Understanding Enteric Duplication Cysts
An enteric duplication cyst is a congenital anomaly that arises during the early stages of fetal development, specifically between the fourth and eighth weeks of gestation. This is when the primitive gut tube forms and undergoes recanalization. The cyst is essentially a segment of the bowel that failed to fully separate from the main intestinal lumen.
The term “enteric” refers to the intestines and the broader GI tract, indicating the tissue origin of the malformation. For a structure to be definitively classified as an enteric duplication cyst, it must meet specific pathological criteria. First, its wall must contain layers of smooth muscle, which is a characteristic feature of the normal intestinal wall.
Second, the cyst must be lined with a type of mucosa derived from the GI tract. These cysts are typically closed, blind-ending sacs that do not communicate with the main lumen of the intestine, though some rarer forms are tubular and maintain a connection. While these malformations can occur anywhere, they are most frequently found within the small intestine, with the ileum being the most common site of occurrence.
Manifestations and Clinical Signs
The clinical presentation of an enteric duplication cyst varies depending on the cyst’s size, location, and whether it contains abnormal tissue. Since most cases are identified in infants and young children, symptoms often relate to mechanical interference with intestinal function. A common presentation is intestinal obstruction, which can cause vomiting, abdominal distension, and feeding intolerance.
In some instances, the mass effect of the growing cyst can be felt by a clinician during a physical examination, presenting as a palpable abdominal mass. Acute gastrointestinal bleeding is another significant way the condition may present, often seen as dark, bloody stools called hematochezia or melena. This bleeding is frequently linked to a specific pathological feature: the presence of ectopic gastric mucosa within the cyst lining.
This ectopic tissue secretes acid and digestive enzymes. This caustic material can lead to ulceration of the cyst’s inner wall and the adjacent normal bowel tissue, resulting in significant blood loss. Though less common, EDCs can also be found in adults, where they may be an incidental finding during imaging for an unrelated issue, or they can cause chronic abdominal pain, or lead to complications like intussusception.
Identifying the Cyst
Following the observation of clinical signs, imaging techniques are used to confirm the presence of the enteric duplication cyst. Ultrasound is typically the first-line imaging modality, particularly in pediatric patients, because it is non-invasive and readily available. A characteristic finding on ultrasound is the “gut wall signature” or “double wall sign,” which identifies the cyst wall’s distinct layers.
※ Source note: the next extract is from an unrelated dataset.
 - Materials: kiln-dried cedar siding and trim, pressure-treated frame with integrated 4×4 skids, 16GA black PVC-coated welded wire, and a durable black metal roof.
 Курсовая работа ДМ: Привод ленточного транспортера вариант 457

This signature consists of an inner hyperechoic (bright) layer representing the mucosa and submucosa, surrounded by an outer hypoechoic (dark) layer corresponding to the smooth muscle coat. For more detailed anatomical mapping, especially when planning for surgical intervention, cross-sectional imaging such as Computed Tomography (CT) or Magnetic Resonance Imaging (MRI) may be used. These scans help surgeons understand the cyst’s relationship to surrounding organs and blood vessels.
A specialized nuclear medicine test, the Technetium-99m pertechnetate scan—often called a Meckel’s scan—is used to specifically identify the presence of ectopic gastric mucosa. This radiotracer is selectively taken up by the acid-secreting cells of the stomach lining. If the cyst contains this ectopic tissue, the scan will show a distinct area of radiotracer uptake outside the stomach, confirming the source of potential bleeding.
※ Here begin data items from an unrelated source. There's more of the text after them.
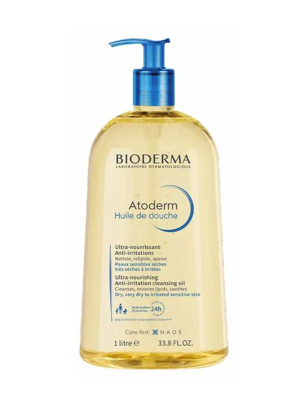 Atoderm Huile de douche nettoie en douceur. Sa formule exclusive composée d’agents relipidants (vitamine PP et biolopides végétaux) et hydratants nourrit intensément la peau, calme les sensations de tiraillement, et protège des agressions extérieures. Le complexe breveté Skin Barrier Therapy™ permet de limiter l’adhésion de certaines bactéries (staphylocoque doré) à la surface de la peau, qui peuvent être à l’origine de l’aggravation de la sécheresse cutanée.(1) et (2)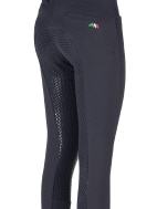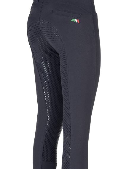 Mächen Reithose mit Voll-Grip-Besatz für bessere Stabiltät im Sattel. Ausgesprochen elastisch und atmungsakitv mit coolem Equiline-Logo Ton-on-Ton auf dem Hosenbein und dreifarbigem Logo auf der Gesäßtqasche. Die Taillenweite ist mit Gummiband weitenregulierbar. Maschinenwaschbar.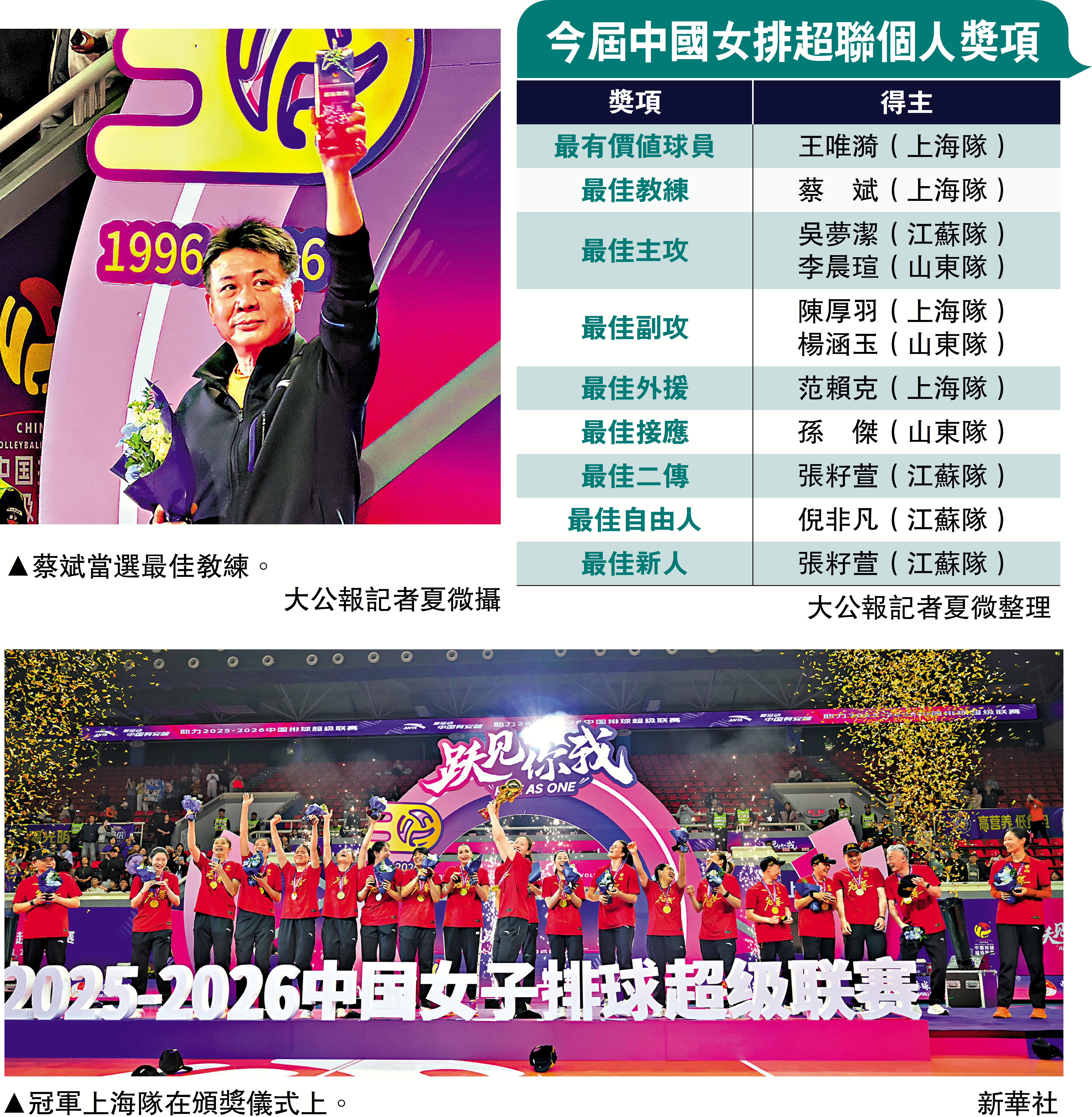 【大公報訊】記者夏微上海報道:1日晚,在上海進行的2025至2026賽季中國女子排球超級聯賽冠亞軍決賽第3回合較量中,坐鎮主場的上海女排以局數3:0輕鬆擊敗爭取衛冕冠軍江蘇女排,從而以大比分2:1奪得本季聯賽冠軍,時隔25年再度登頂。

Treatment and Long-Term Recovery
The definitive management for an enteric duplication cyst is surgical removal (complete excision). This approach is recommended even for cysts discovered incidentally and not yet causing symptoms. The rationale for intervention is to prevent serious complications, such as intestinal obstruction, uncontrolled hemorrhage, rupture, or, rarely, malignant transformation later in life.
The surgery can often be performed using minimally invasive laparoscopic techniques, which typically results in a faster recovery. During the procedure, the surgeon aims to remove the entire cyst while preserving the adjacent normal bowel. However, in cases where the cyst shares a common blood supply with the segment of adjacent normal intestine, a portion of that normal bowel must also be removed, a procedure called resection and anastomosis.
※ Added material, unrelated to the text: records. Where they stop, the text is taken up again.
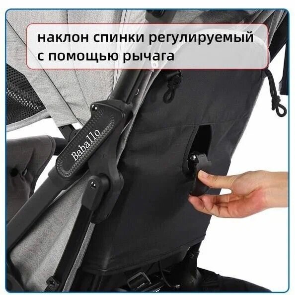 Детская прогулочная коляска Baballo future 2024, Бабало серый на черной раме, механическая спинка, сумка-рюкзак в комплекте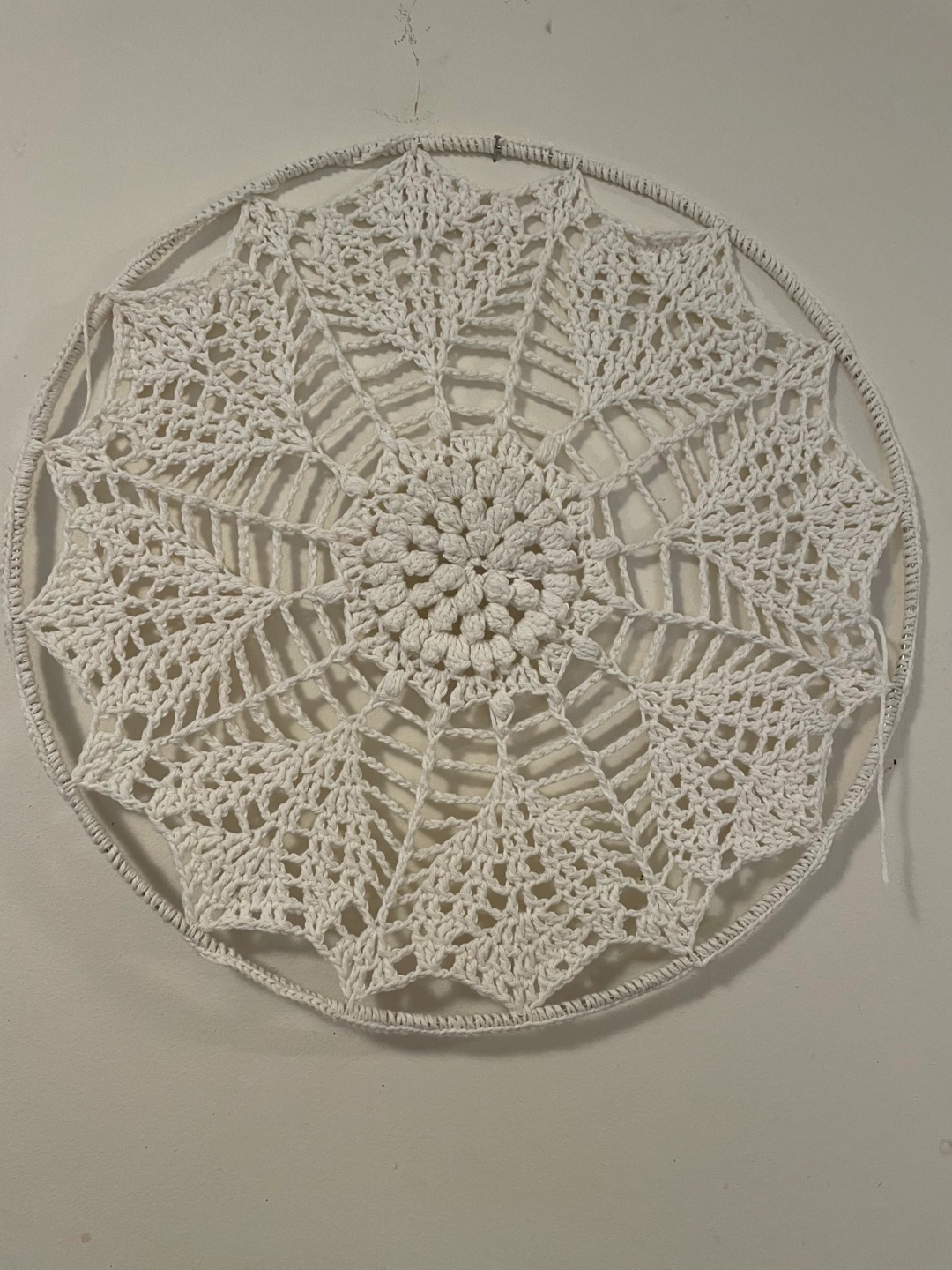 Unique off-white crochet mandala wall décor. Intricate design, circular shape. Adds a touch of bohemian charm to any room. Perfect for adding texture and visual interest. KOZ4ALRM KREATIONS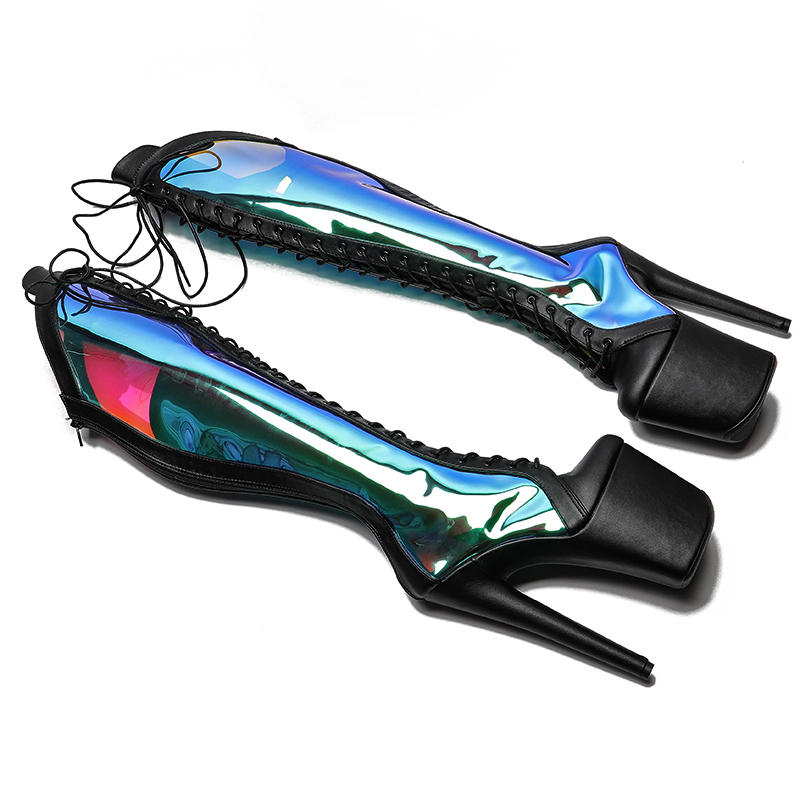 20CM/8inches matte upper Women New Design Extreme High Heel Dancing Stripper knee high Shoes Platform Lace-up 5B

In complex situations, such as a cyst located near the duodenum or biliary tree, complete excision may risk damage to these structures. In these instances, the surgeon may elect to strip the internal mucosal lining from the cyst wall or create an internal drainage pathway into the intestine. Following successful surgical removal, the long-term outlook is favorable, with a very low risk of recurrence.